### Exercise details
Using the listing below, copy exactly each line from the one that has "Защитный чехол черного" through the one that has "Looking for peaceful"; omit the pictures.
Task data START
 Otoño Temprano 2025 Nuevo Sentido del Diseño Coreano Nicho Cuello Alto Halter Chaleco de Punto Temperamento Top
Task data END
Task data START
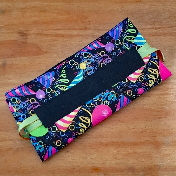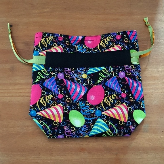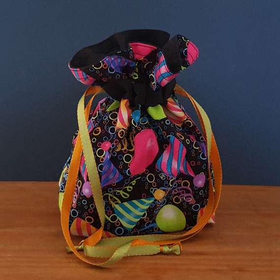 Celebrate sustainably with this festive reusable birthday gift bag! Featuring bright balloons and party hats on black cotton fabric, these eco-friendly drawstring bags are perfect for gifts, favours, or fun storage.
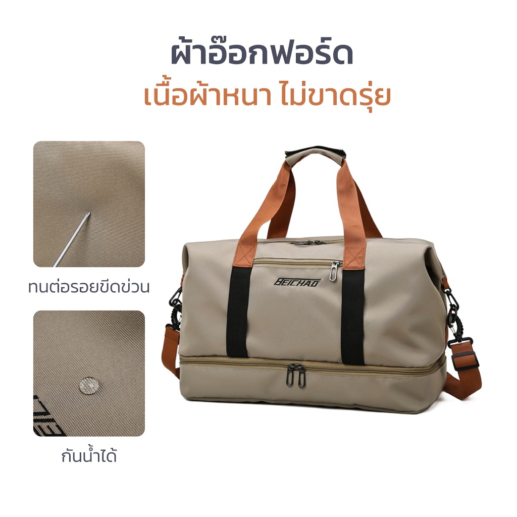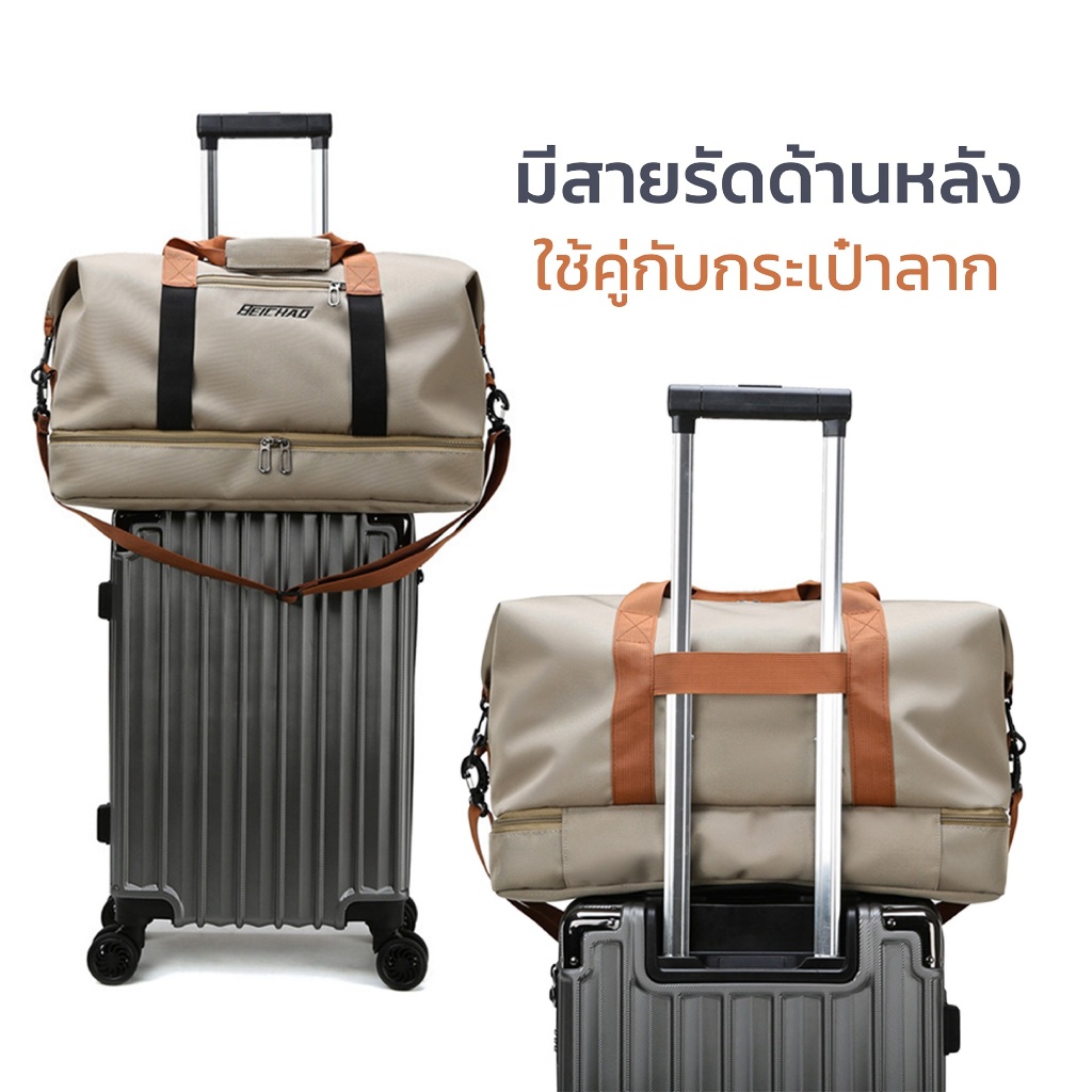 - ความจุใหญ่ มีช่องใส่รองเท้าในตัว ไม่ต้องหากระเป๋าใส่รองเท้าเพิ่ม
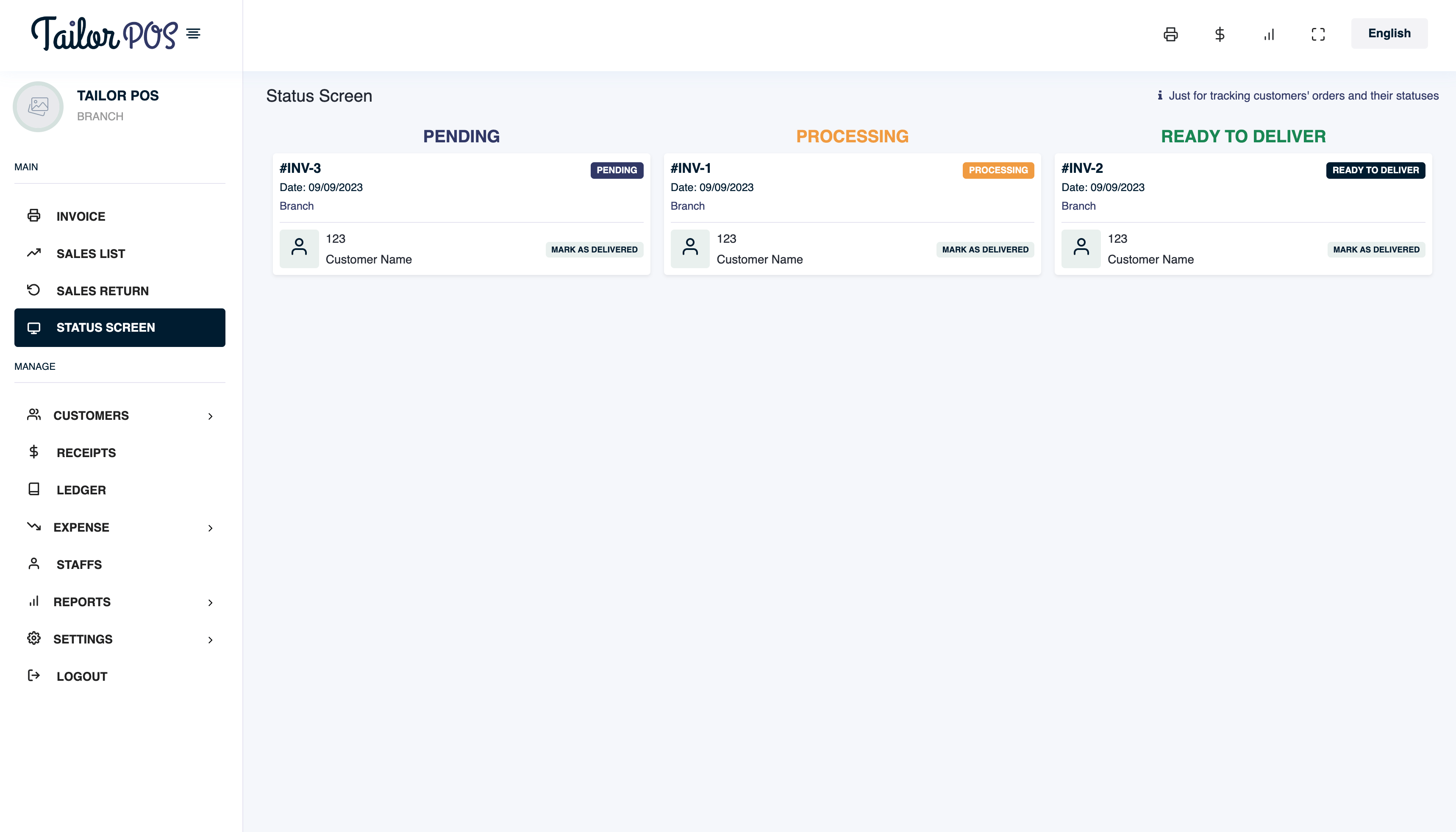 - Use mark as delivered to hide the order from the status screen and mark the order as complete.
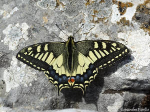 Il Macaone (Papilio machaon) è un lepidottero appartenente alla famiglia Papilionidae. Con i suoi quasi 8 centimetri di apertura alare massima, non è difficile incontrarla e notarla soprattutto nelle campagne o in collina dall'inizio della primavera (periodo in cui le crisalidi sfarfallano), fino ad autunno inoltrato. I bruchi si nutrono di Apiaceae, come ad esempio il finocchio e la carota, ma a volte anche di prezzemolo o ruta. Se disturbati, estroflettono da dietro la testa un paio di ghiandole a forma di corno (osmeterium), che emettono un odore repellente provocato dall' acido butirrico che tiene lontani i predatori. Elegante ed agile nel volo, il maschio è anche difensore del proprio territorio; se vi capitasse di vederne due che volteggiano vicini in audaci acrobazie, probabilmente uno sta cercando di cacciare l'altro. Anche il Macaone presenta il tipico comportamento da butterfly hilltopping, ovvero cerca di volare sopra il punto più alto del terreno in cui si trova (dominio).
Task data END
Task data START
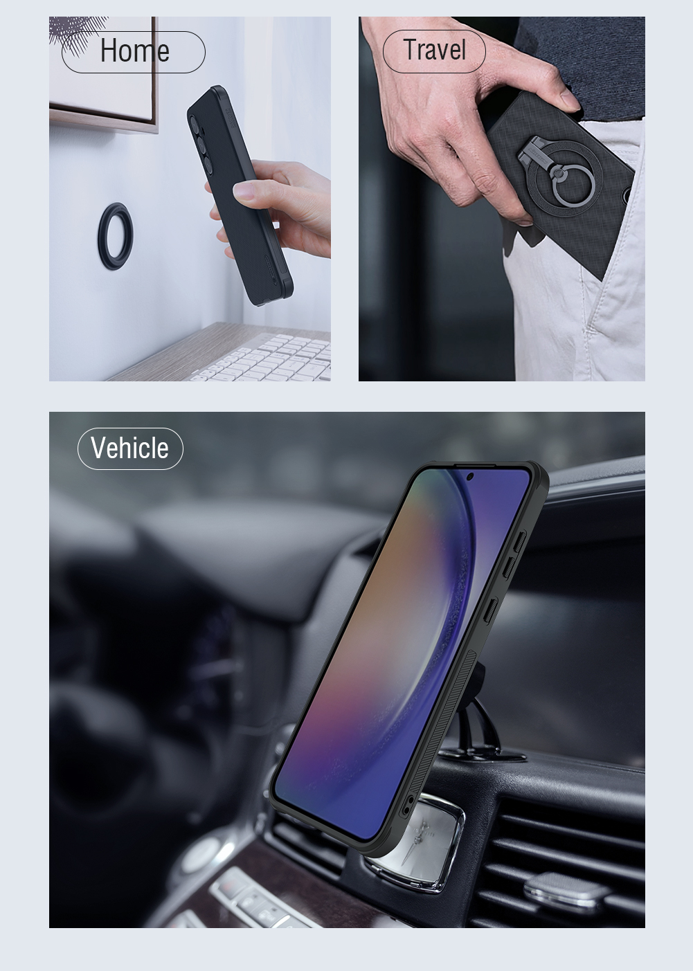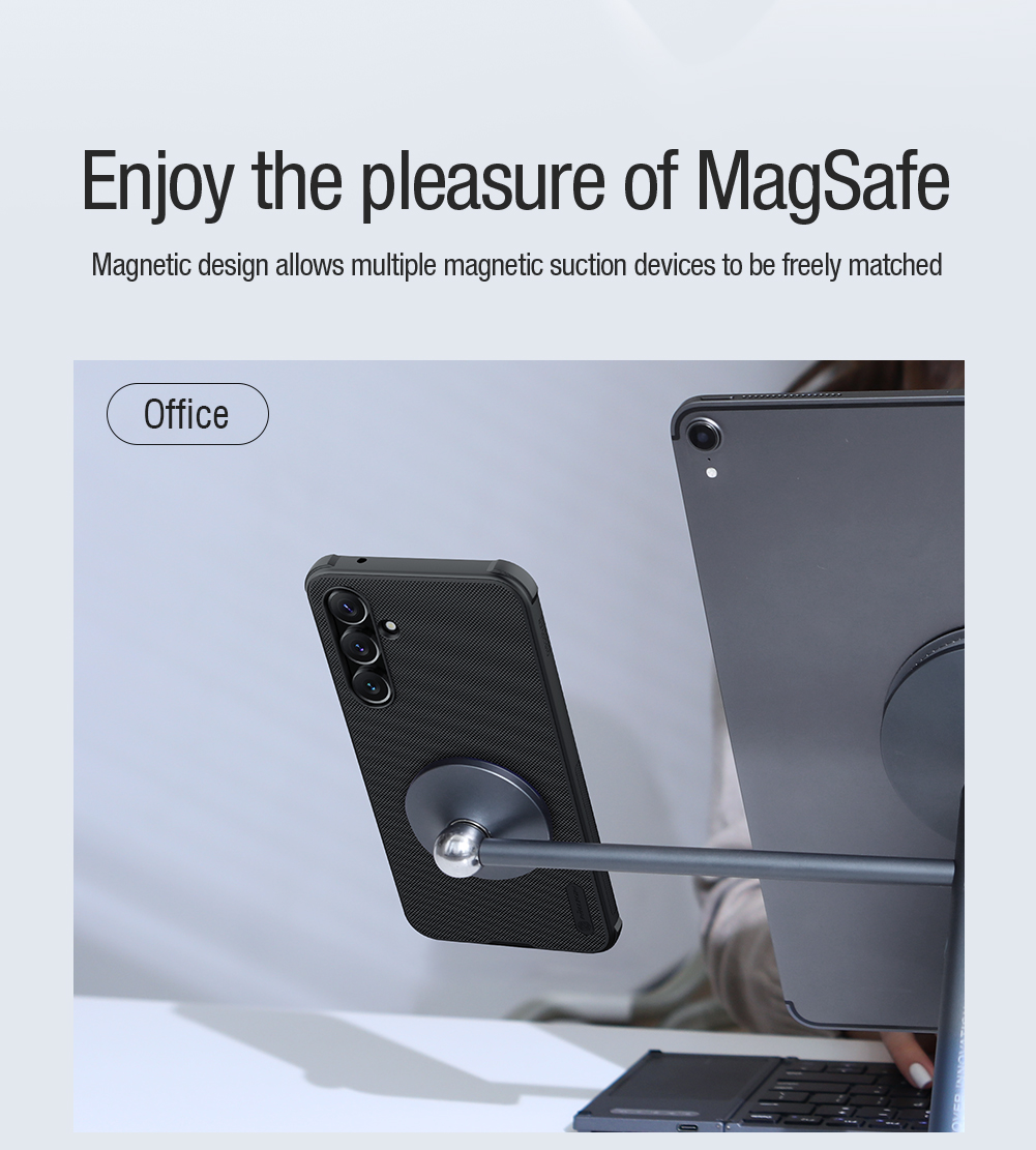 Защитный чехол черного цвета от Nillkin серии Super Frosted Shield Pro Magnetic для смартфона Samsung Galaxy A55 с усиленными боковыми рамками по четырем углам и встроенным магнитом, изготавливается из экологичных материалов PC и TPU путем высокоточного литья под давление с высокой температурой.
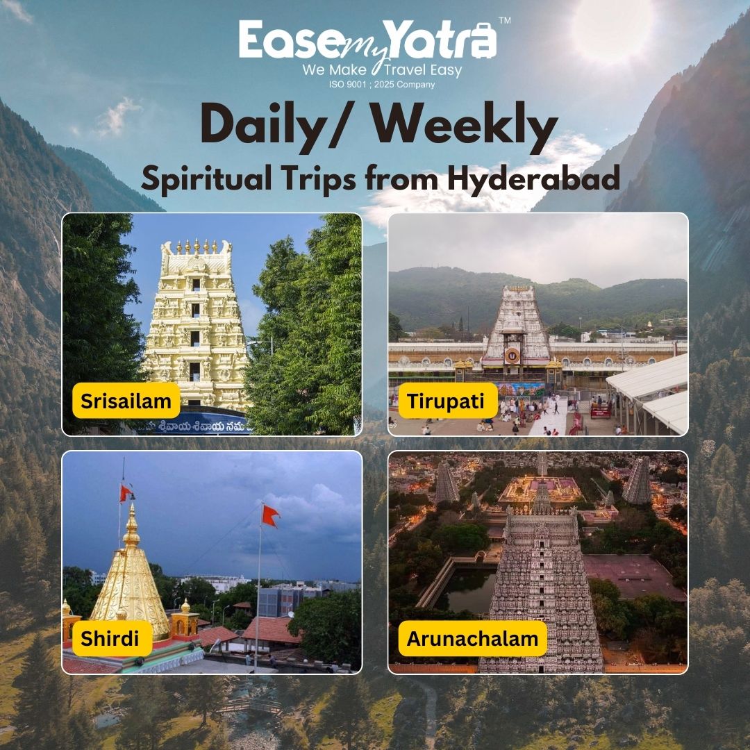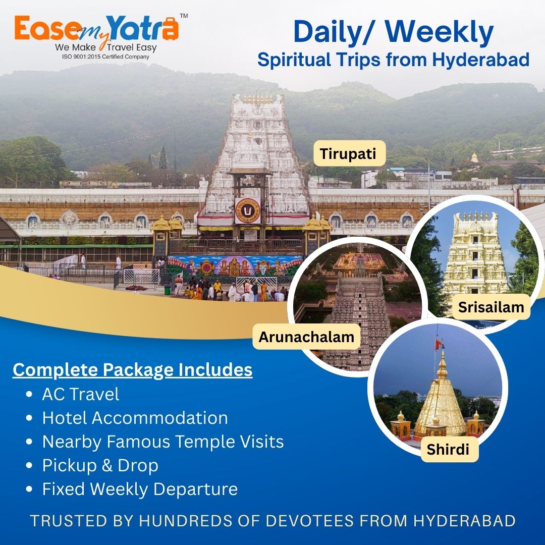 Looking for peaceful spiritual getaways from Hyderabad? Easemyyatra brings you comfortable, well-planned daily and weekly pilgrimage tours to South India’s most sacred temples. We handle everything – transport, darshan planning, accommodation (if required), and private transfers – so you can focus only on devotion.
Task data END
### Problem solution
 Защитный чехол черного цвета от Nillkin серии Super Frosted Shield Pro Magnetic для смартфона Samsung Galaxy A55 с усиленными боковыми рамками по четырем углам и встроенным магнитом, изготавливается из экологичных материалов PC и TPU путем высокоточного литья под давление с высокой температурой.
 Looking for peaceful spiritual getaways from Hyderabad? Easemyyatra brings you comfortable, well-planned daily and weekly pilgrimage tours to South India’s most sacred temples. We handle everything – transport, darshan planning, accommodation (if required), and private transfers – so you can focus only on devotion.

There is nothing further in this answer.